The sum of the primes below 10 is 2 + 3 + 5 + 7 = 17.
Find the sum of all the primes below two million.
I really should start looking for alternatives to brute-forcing prime detection. Perhaps something iterative as prime decomposition to avoid too much checking. Perhaps next time… ;)
function isPrime(n::UInt64)
isPrimeNumber::Bool = true;
if n%2 == 0
isPrimeNumber = false;
return isPrimeNumber
end
for i in 3:2:(n-1)
if n%i == 0
isPrimeNumber = false;
return isPrimeNumber
end
end
return isPrimeNumber
end
function sumOfPrimesBelowThreshold(N::UInt64)
sumOfPrimes::UInt64 = 0;
if N >= 2
sumOfPrimes = 2;
end
currentNumber::UInt64 = 3
while currentNumber < N
if isPrime(currentNumber)
sumOfPrimes += currentNumber;
end
currentNumber += 2;
end
return sumOfPrimes
end
function parseARGS()
if isempty(ARGS)
N::UInt64 = 2000000;
else
N = tryparse(UInt64,ARGS[1]);
end
return N
end
function main()
N::UInt64 = parseARGS();
sumOfPrimes = sumOfPrimesBelowThreshold(N);
println(sumOfPrimes);
end
main()
$ julia ProjectEuler0010.jl 10
17
0.000040 seconds (17 allocations: 912 bytes)

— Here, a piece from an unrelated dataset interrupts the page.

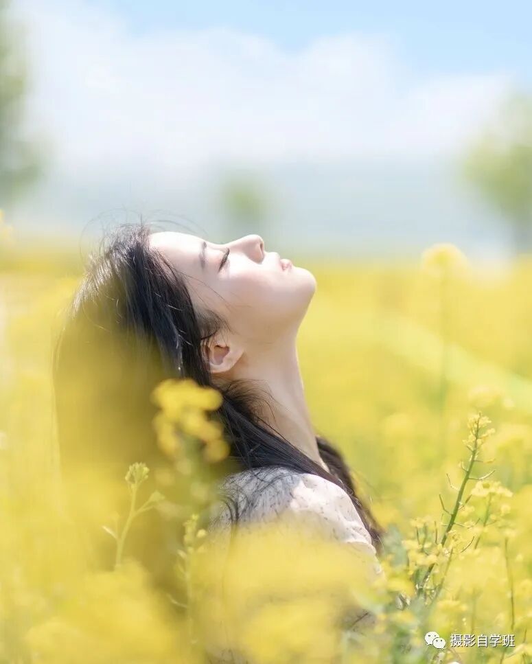 上面这张照片,仰面向天空的姿势不错,但是背景当中,有明显的横线,穿着人物的面部而过,这是人像摄影当中的大忌,我们在拍摄的时候,一定不要让背景的线条捣乱。解决方法很简单,可以像下图这样。

$ julia ProjectEuler0010.jl 100
1060
0.000042 seconds (19 allocations: 944 bytes)
$ julia ProjectEuler0010.jl 1000
76127
0.000221 seconds (19 allocations: 944 bytes)
$ julia ProjectEuler0010.jl 2000000
142913828922
323.662743 seconds (19 allocations: 944 bytes)
There has to be a faster way for this.